Quello su cui concordano autore e intervistatore è che i risultati degli studi nutrizionali
non si prestano facilmente a essere estesi da un paese all’altro, e che il luogo
dove si svolge la ricerca rappresenta uno dei limiti di questo tipo di indagini.
Per quel che riguarda la
quantificazione dell’effetto benefico, Weber chiede quanto pesce si dovrebbe
consumare in una settimana per avere qualche vantaggio o per ridurre il rischio
di ictus. La metanalisi di Chowdury e colleghi dimostra che da due a quattro
porzioni di pesce a settimana, rispetto a una o meno di una porzione a
settimana, sono associate a una riduzione del 6% del rischio relativo di tutti
i tipi di futuri eventi patologici cerebrovascolari. Il rischio di ictus futuri
si riduce di circa il 12% quando si consumano cinque o più porzioni a
settimana. Inoltre, la ricerca dimostra che per ogni due porzioni di pesce, c’è
una riduzione del 4% del rischio di ictus. Tutti questi risultati sono
statisticamente significativi. Una riduzione del rischio del 6% può sembrare
modesta. Tuttavia, l’autore fa notare che solo nel Regno Unito ogni anno 150000
persone sono colpite da ictus. Quindi, guardando alla popolazione, questa
riduzione dal 4% al 6% è piuttosto rilevante.
In netto contrasto con quanto
dimostrato per il pesce sono i dati riguardanti gli integratori di olio di
pesce. Infatti, non è stato notato un effetto consistente degli acidi grassi omega-3
per quel che riguarda la riduzione dell’ictus.
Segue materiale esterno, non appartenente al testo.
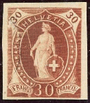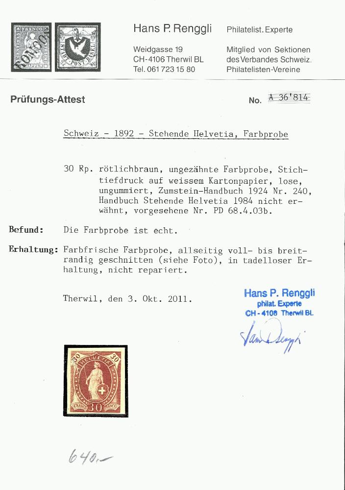 | Zusatzinformationen und Suchstichworte: | Briefmarken Helvetia 46. Live-Auktion 13. Mai 2023 Los 286 Schweiz 30 Rp. rötlichbraun, steh. Helvetia, ungezähnte Farbprobe, ungummiert auf Kartonpapier, Zumstein HB Nr. 240; vollrandig, kl. Schürfung o.r. bei der 30; sauber mit Attest Ausruf 140,00 CHF Renggli. |
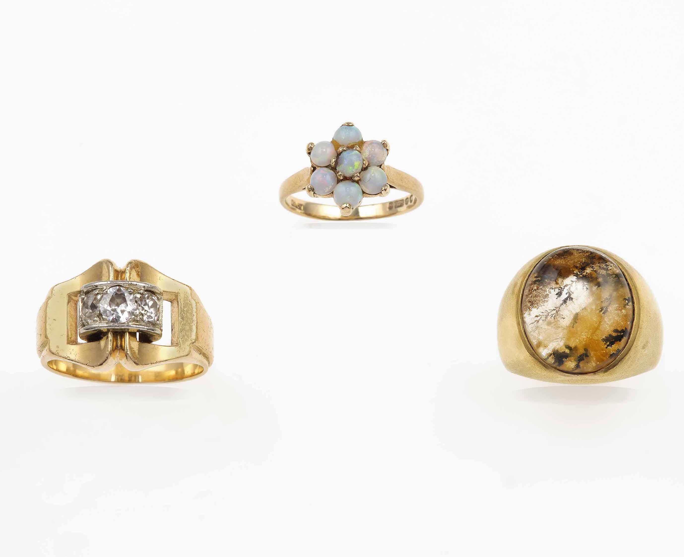 Lotto composto da tre anelli con opali, diamanti e agata muschiata

Questo dato non è facile da
interpretare, dice Chowdury, poiché le sperimentazioni sugli effetti degli integratori di olio
di pesce considerati in questa metanalisi sono state condotte principalmente su
persone con una storia precedente di malattia, oppure su persone ad alto
rischio di malattia cardiovascolare. Per un confronto valido sono necessarie sperimentazioni
sulla popolazione sana
Nel complesso l’idea che emerge da questa metanalisi è che oltre agli acidi grassi omega-3 il pesce contiene un pacchetto
di nutrienti salutari la cui combinazione o la cui reciproca influenza può
avere effetti benefici sulla salute cardiovascolare e cerebrovascolare. Allora,
passando all’applicabilità dei risultati, per migliorare il profilo di rischio Chowdury propende per consigliare di consumare un
po’ più di pesce piuttosto che prescrivere integratori di acidi grassi omega-3.
In tema di malattie cardiovascolari e loro prevenzione è utile segnalare gli ultimi dati dell'Agenzia Italiana del Farmaco su quali sono le medicine più utilizzate in Italia. Lo scorso primo febbraio il Prof. Luca Pani, direttore generale dell'Agenzia, raccontava al GR3 che le medicine più acquistate sono i farmaci per il sistema cardiovascolare.